> _REQUIRED WORK_:
If a picture appears, leave it out, and reproduce exactly the lines from the start of the listing below through the one bearing "Общая площадь 72.9 м2".

> _GIVEN INFORMATION_:
··········

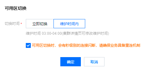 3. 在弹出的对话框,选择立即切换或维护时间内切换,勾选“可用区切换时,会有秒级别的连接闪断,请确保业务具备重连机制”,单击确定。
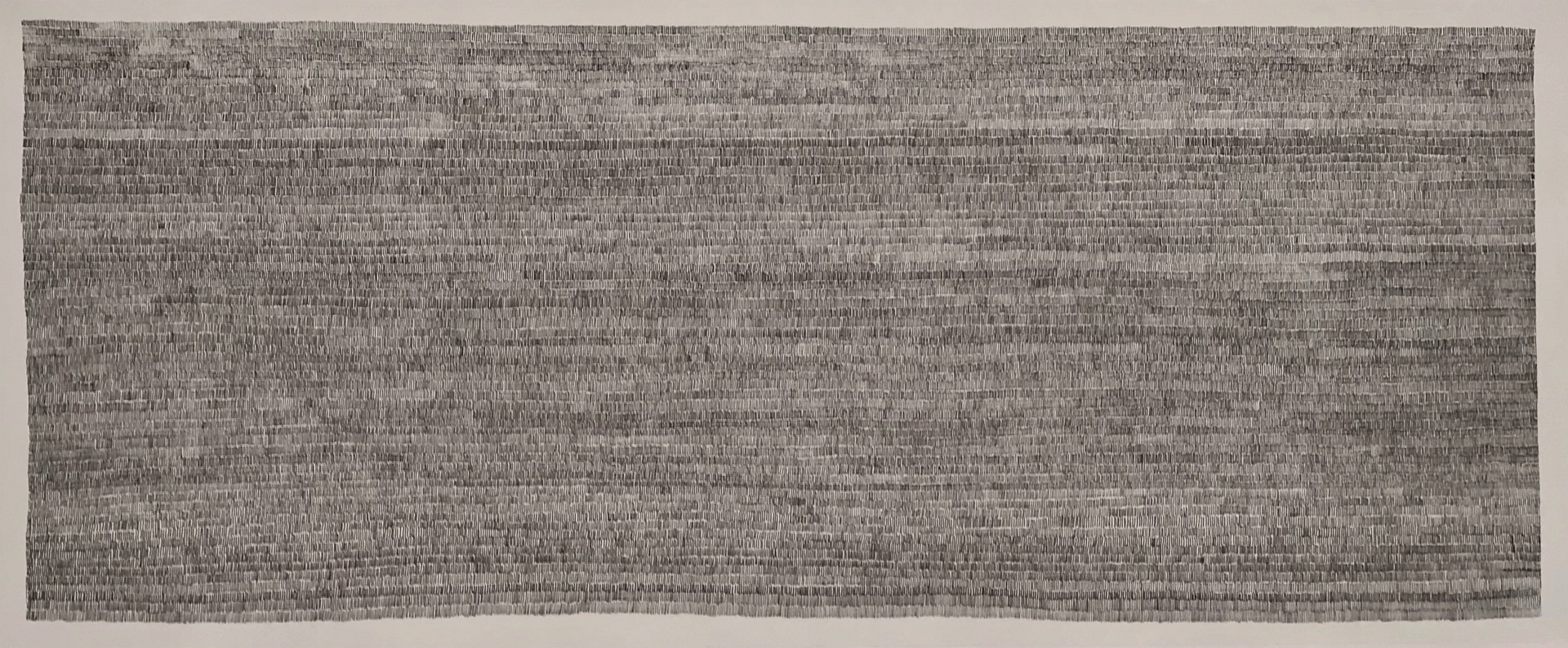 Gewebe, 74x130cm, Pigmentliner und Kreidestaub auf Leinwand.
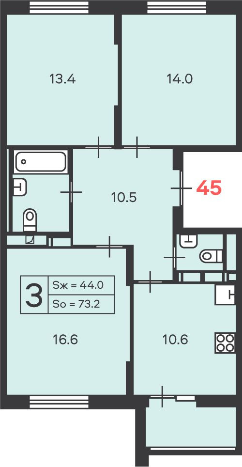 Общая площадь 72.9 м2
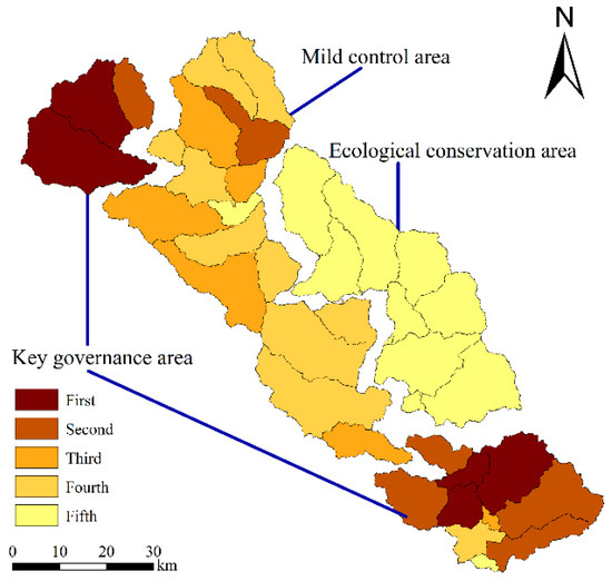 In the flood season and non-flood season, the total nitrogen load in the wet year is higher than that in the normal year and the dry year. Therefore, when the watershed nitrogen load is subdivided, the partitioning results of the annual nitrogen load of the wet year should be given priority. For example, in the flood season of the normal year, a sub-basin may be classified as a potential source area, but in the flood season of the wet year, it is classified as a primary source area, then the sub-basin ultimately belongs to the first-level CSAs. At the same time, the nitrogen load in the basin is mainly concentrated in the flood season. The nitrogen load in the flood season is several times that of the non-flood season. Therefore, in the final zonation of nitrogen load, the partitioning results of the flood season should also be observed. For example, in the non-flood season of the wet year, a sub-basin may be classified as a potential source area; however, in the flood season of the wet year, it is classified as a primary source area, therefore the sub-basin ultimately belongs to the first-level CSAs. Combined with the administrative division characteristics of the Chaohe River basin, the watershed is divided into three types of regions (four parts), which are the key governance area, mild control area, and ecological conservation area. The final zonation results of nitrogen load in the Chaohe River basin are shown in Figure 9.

··········

> _EXERCISE SOLUTION_:
 3. 在弹出的对话框,选择立即切换或维护时间内切换,勾选“可用区切换时,会有秒级别的连接闪断,请确保业务具备重连机制”,单击确定。
 Gewebe, 74x130cm, Pigmentliner und Kreidestaub auf Leinwand.
 Общая площадь 72.9 м2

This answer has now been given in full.